Só agora estamos começando a tentar seriamente mover a agulha para as energias renováveis que existem há séculos: energia eólica, energia hidrelétrica e energia solar. Tecnologicamente, temos as respostas já desenvolvidas mas não é isso que nos vai salvar. Apenas até certo ponto, a taxa em que podemos escalar essas tecnologias nos livrará de problemas.
A tecnologia não é o cavaleiro de armadura brilhante. Eletrificar toda a nossa frota de transporte, embora seja um passo na direção certa, é apenas um pequeno e lento passo. Certificar-se de que nunca permitiremos que nossos motores de combustão interna fiquem em marcha lenta por mais de alguns segundos teria um efeito muito mais imediato. Ser muito mais criterioso na seleção de produtos on-line para entrega em domicílio, para evitar a todo custo a devolução desses itens, reduziria significativamente o desperdício de energia no negócio de logística. Não comprar esses produtos se realmente não precisarmos deles seria ainda melhor. A escolha de combinar várias tarefas em um passeio de carro reduziria o tráfego e as emissões do escapamento; escolher usar o veículo de tamanho apropriado para fazer essas tarefas pode economizar muito mais, principalmente se for uma bicicleta elétrica! Estas não são soluções de tecnologia - são soluções de comportamento humano.
Se os negócios são motivados a nos vender o que queremos e os políticos são motivados a obter nossos votos, isso parece apontar para a necessidade muito urgente de motivar o eleitorado a exigir um caminho diferente.
Hoje, nossa situação está atolada na estagnação de uma vasta população contratada por empresas e políticos investidos no status quo. Mover essa massa de comportamento é a chave. Motivar essa mudança de comportamento é um desafio prioritário.

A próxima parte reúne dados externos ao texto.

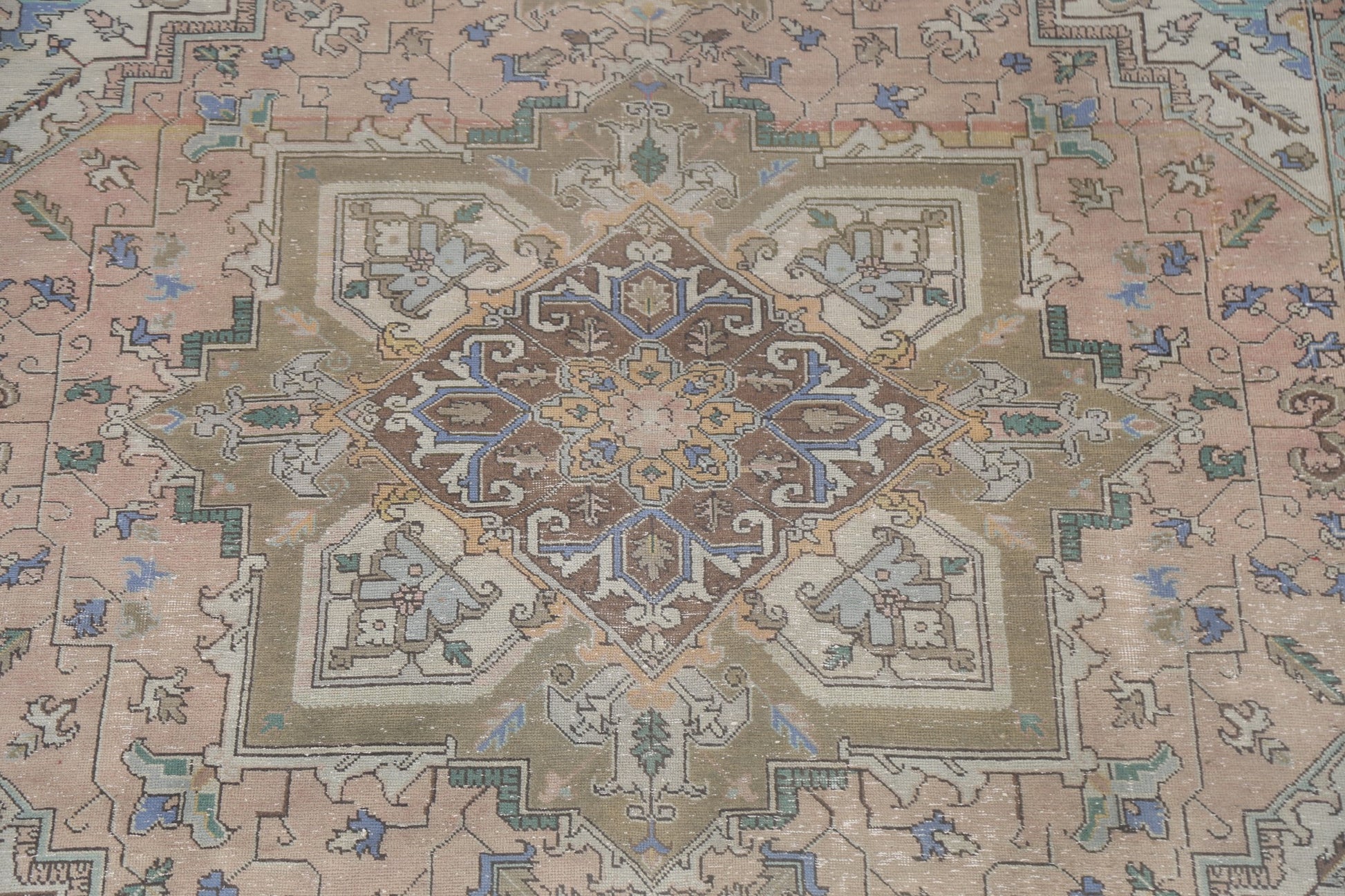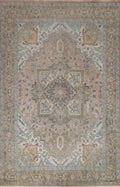 A Beautiful Genuine Persia ( Persia ) Heriz rug is Hand Knotted by skillful weavers in Persia ( Persia ) with 100% Wool Material. This rug is in Very Good ( Low Pile ) condition. dimensions are 9' 9'' X 6' 7'' in foot and 297 X 201 in centimeter. the primary color is Pink.

Não podemos presumir que nossa população vai se reduzir voluntariamente tão cedo. Também não podemos presumir que bilhões de pessoas irão adotar um estilo de vida radicalmente diferente da noite para o dia; os seres humanos geralmente são céticos em relação à mudança, a menos que possa ser demonstrado que eles obviamente se beneficiarão dela.
Esse é o desafio existencial da comunidade de design da qual faço parte: precisamos erguer o olhar mais alto do que redesenhar o que está à nossa frente. Devemos focar no quadro geral, que inclui muitas partes. Precisamos liderar criativamente para explicar ao mundo, de forma convincente e sem piedade, o que todos nós não deveríamos estar fazendo e apresentar alternativas de futuro atraentes que podem mudar nossos hábitos e aspirações. É nisso que somos bons. Esses futuros alternativos podem abranger o especulativo, bem como aqueles baseados em cenários pesquisados, modelados e validados de forma colaborativa, plausível e comprovadamente convincente. Isso nunca será fácil, mas apenas projetar soluções de sistemas de transporte físico é certamente inadequado.
Em meu próximo ensaio, examinarei esse desafio por meio de outra lente.